An attacker plants ignore-your-instructions text or an SSRF payload straight into a tool call, trying to override the agent's task. These carry a recognizable payload a detector can match.

Indirect injection

A benign-sounding instruction is smuggled into content a tool returns: a fetched page, an email, an MCP reply. There is no payload to match, so content scanning alone cannot catch it. The agent version is what researchers call agentjacking.

How AxioRank defends both

Detected at the content layer

The shipped detection engine flags overt injection and SSRF markers on every tool call and on the output a tool returns, with recursive base64 and hex decoding so an obfuscated payload cannot hide. New rules install in monitor mode first, then promote to deny or hold.

Caught at the gateway

Indirect injection is an information-flow problem, not a string match. AxioRank tracks that an agent read untrusted content, and when that tainted flow reaches a sensitive action the call is held or denied. This is the part single-purpose scanners miss.

Governed, with proof

Every verdict lands in the audit log with the signal that fired, and each decision can be sealed into an offline-verifiable proof. You can show that an injection attempt was caught, not just claim it.

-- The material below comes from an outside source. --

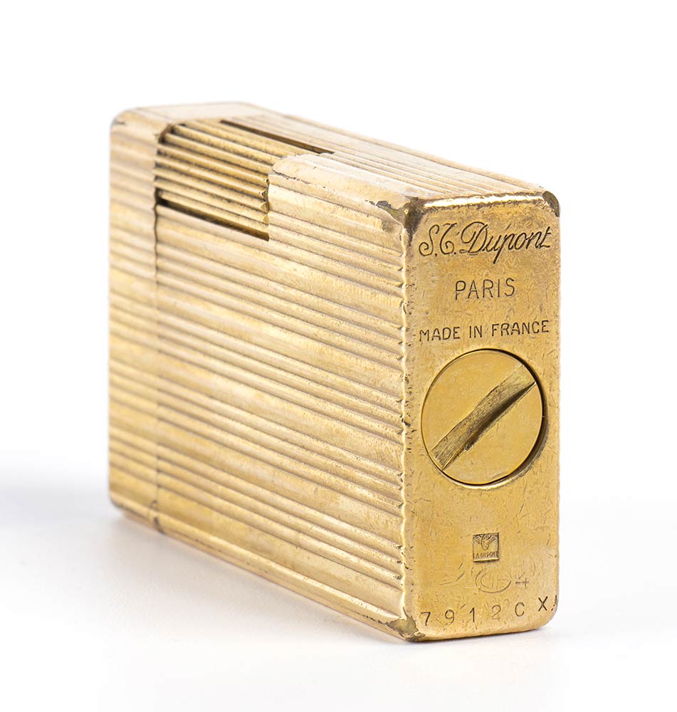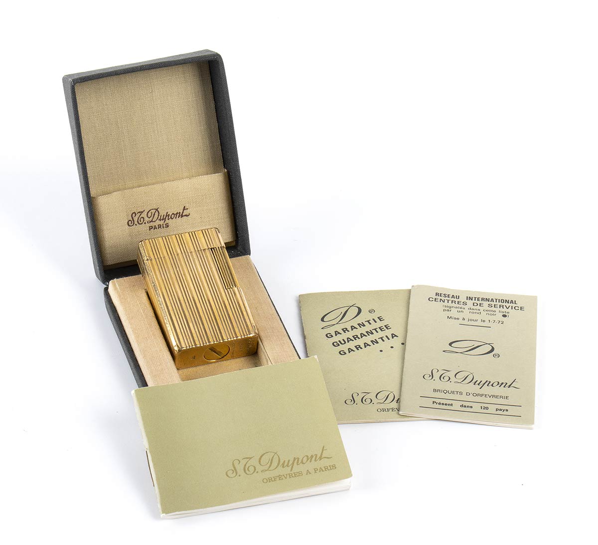 Dupontaccendino Accendino S.T. Dupont fine anni 70 in metallo dorato, scatola originale, grado di condizione generale C/D (segni di utilizzo)
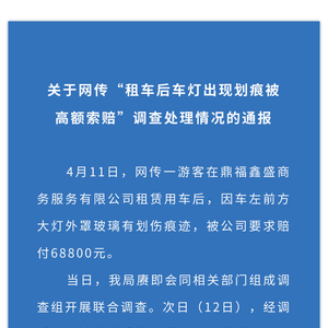 4月11日,网传一游客在鼎福鑫盛商务服务有限公司租赁用车后,因车左前方大灯外罩玻璃有划伤痕迹,被公司要求赔付68800元。当日,我局赓即会同相关部门组成调查组开展联合调查。次日(12日),经调解已由该公司退还了租车人全部押金,对调查中发现该公司未按规定办理备案从事汽车租赁服务的违法行为,依据《小微型客车租赁经营服务管理办法》有关规定,依法依规作出了行政处罚。

The proof, on overt injection

A reproducible head-to-head against the open-source guardrails we can actually run, at a fixed 2% false-positive budget. A bar drawn in red reaches its height only by exceeding that budget, so a tall red bar is an outage, not a defense.

On 2 injection flows, AxioRank caught 100% at 0.0% false positives, scored through the shipped engine so it measures exactly what the gateway default does. See every class and caveat.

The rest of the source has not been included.